All of those moves were endorsed by Spoelstra, who said the addition of Kidd — despite his lack of coaching experience — will make a big difference.

“The thing about that group is you have great leadership with Jason Kidd,” Spoelstra said. “He’s done that his whole life, is bring groups together and get them going to a common goal. He’s brilliant in that regard, and why that’s a great fit.

“Then you have veteran players that understand what this is about, and not having the luxury to wait. They have, at least from the outside, the veteran leadership that can make that work.”

The Nets will get their first chance to prove things are different when they host Miami next Friday in their home opener in Brooklyn, but they already showed there was a different tone this season when these two teams first met last week and Pierce body-checked James on a fastbreak to prevent a layup.

Still, few people have a better understanding of what the Nets are about to go through — trying to meld so many new, high-profile pieces together on the fly — better than Spoelstra and his players, who have spent the past three-plus years living in the middle of a maelstrom after LeBron James, Dwyane Wade and Chris Bosh decided to join forces in South Florida in the summer of 2010.

The Nets haven’t gotten a chance to see their full compliment of players on the floor together so far. Deron Williams made his preseason debut Friday night after spending the last few weeks rehabbing a sprained right ankle, while Andrei Kirilenko has missed the past five games with back spasms. Those developments are likely to make what already was expected to be a feeling-out process a longer one.
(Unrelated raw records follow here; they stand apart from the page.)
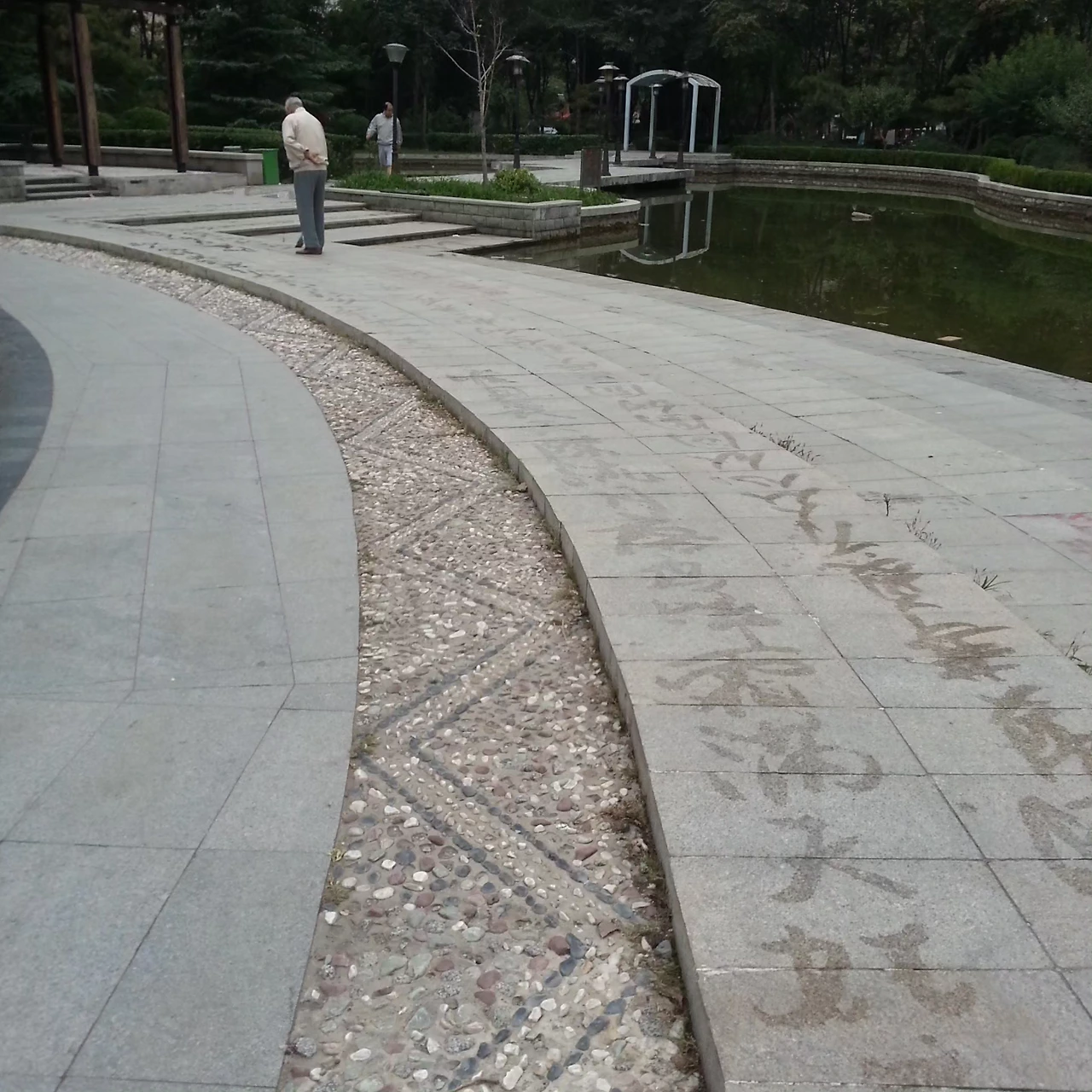 끝으로, "물 위에 이름을 남기듯이 그림을 그리고 싶다"던 어여쁜 처자의 순서가 왔다. 다소 먼 거리라 그런지, 노환 때문인지 잘 보이진 않지만, 윗부분 초록 잎들은 풍성하고 선명한데, 아랫부분 바위와 땅 쪽은 희미하다. 자기소개 때 했던 처자의 말을 떠올리면서 동시에, 소년은 수년 전 중국에서 만난 한 할아버지가 공원 바닥에 큰 붓으로 물을 찍어 문장을 써 내려가던 모습이 오버랩된다.
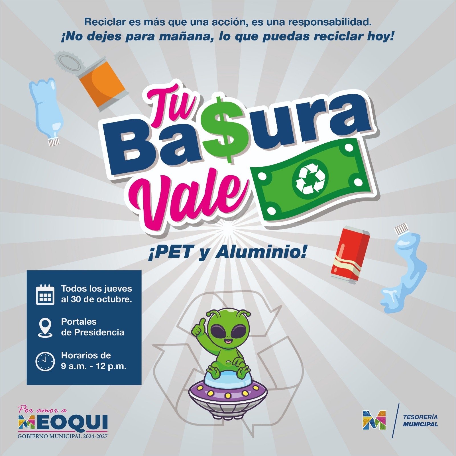 Como cada jueves en Meoqui y hasta el 30 de octubre, se realizará el programa “Tu Basura Vale”, el cual consiste en el canje de materiales reciclables como PET en botellas de plástico y aluminio en latas y botes, esto con el objetivo de fomentar el hábito del reciclaje, así como apoyar a los contribuyentes para que se pongan al corriente con su impuesto predial.
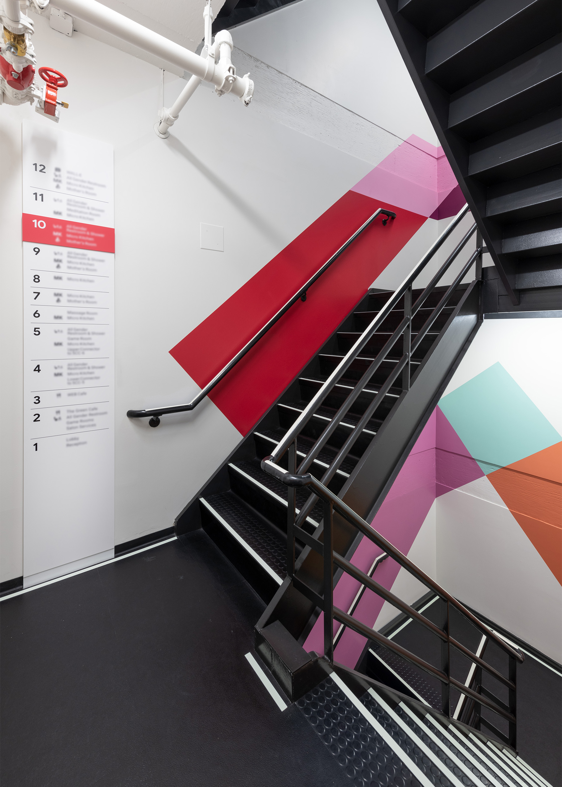 Following a comprehensive Wayfinding Master Plan developed by Entro for a global technology company, Utile was asked to update the buildings’ egress stairs to implement the newly developed wayfinding principles. As the sole tenant of the buildings that comprise the campus, the company’s employees often use the building core stairs as an easy means of circulating to the adjacent floors. Reimagining the stairs was an opportunity to take something as perfunctory as an egress stair and turn it into a dynamic design.
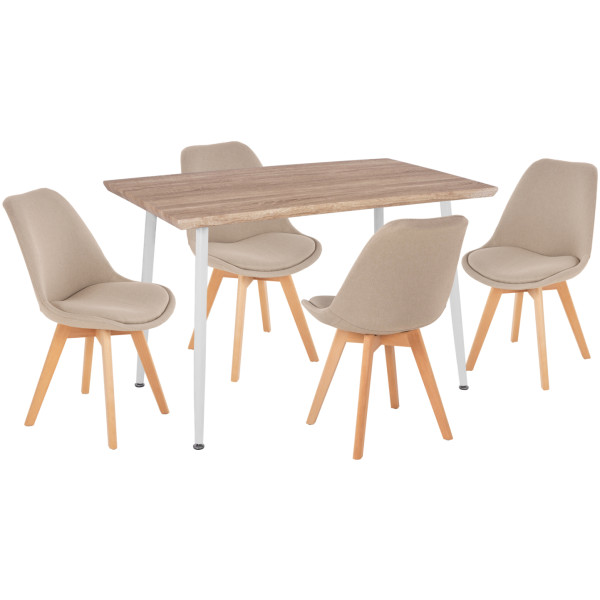 ΤΟ ΣΕΤ ΠΕΡΙΛΑΜΒΑΝΕΙ Ένα ελκυστικό μοντέρνο τραπέζι με επιφάνεια από mdf σε λευκή απόχρωση και πόδια από μασίφ ξύλο οξιάς.
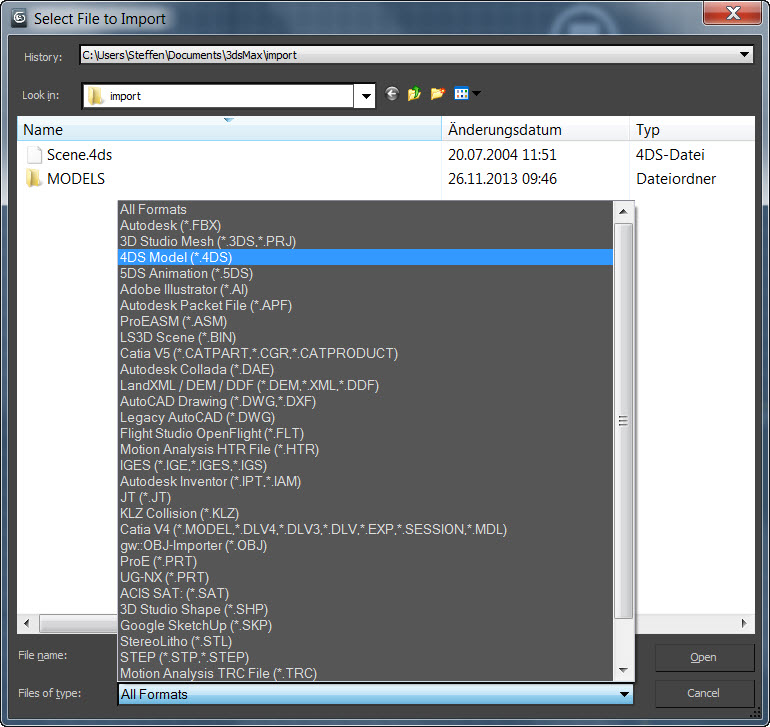 If you now start 3ds Max you can simply use the in-build import function. Make sure you select the right format (4ds, 5ds, bin, klz)
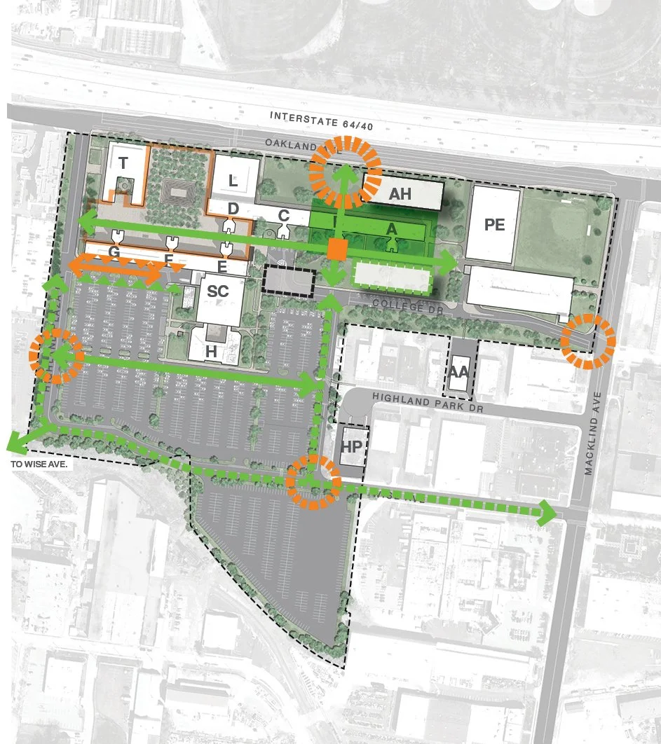 A holistic approach to the campus was required in order to provide meaningful recommendations which strengthen the campus , because the student experience is not limited to one new building. The master plan ultimately outlined 15 individual projects and provided cost estimates for each for the purpose of future budgeting. The foremost project opportunity identified was to create a new north-south campus entry from Oakland Avenue. This entrance, complete with campus identity signage, would create a new prominent address for the campus, simultaneously strengthening and complementing the primary east-west pedestrian circulation route. This recommendation has been incorporated in the final design of the Center for Nursing and Health Sciences building.
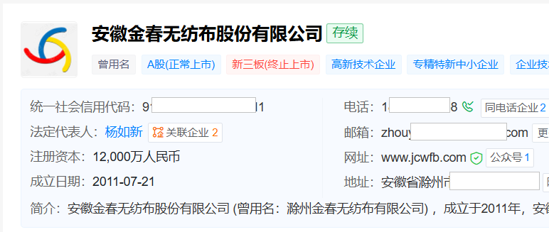 天眼查显示,金春股份成立于2011年7月,总部位于安徽省滁州市,2020年8月在深交所创业板上市,是一家专业从事非织造布材料、非织造布制品以及化学纤维的生产和销售的企业。
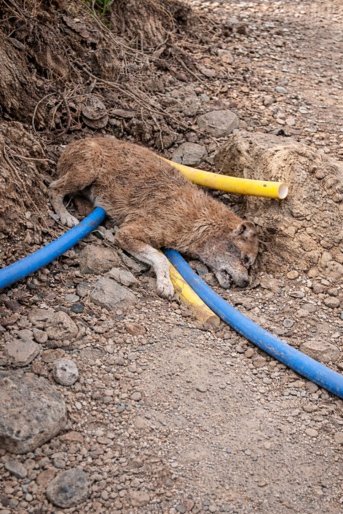 Her body lay awkwardly on its side. Her fur was matted. Her limbs didn’t move. There was no struggle, no attempt to stand, no sign that she had enough strength left to run.
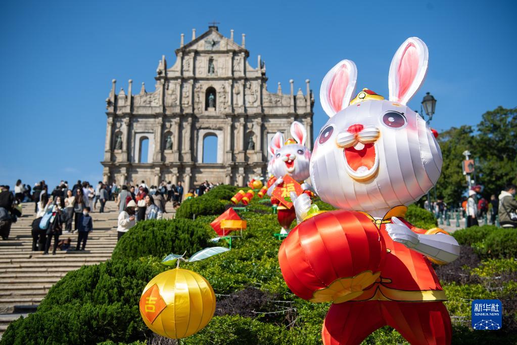 大三巴、官也街、媽閣廟……澳門的熱門旅游地標(biāo)處水泄不通。大三巴牌坊前,五只身穿賀年服飾的“玉兔”迎客,與牌坊互相輝映,參觀的人群幾乎站滿了每級(jí)臺(tái)階。

But Spoelstra said there is no way to simulate going through that experience — and speeding up the familiarization process with one another — besides taking the time to go through it.

“Looking back on it, there were a lot of moments where you look back and kick yourself for not predicting, or not anticipating and being able to figure it out before it happened,” he said. “But the inevitability of it was that we had to go through it together.

“There was no team like it that any of us could compare to. It’s a very unique group — not only personality, previous success, but in terms of their skill sets, and being able to mesh that and make it work.”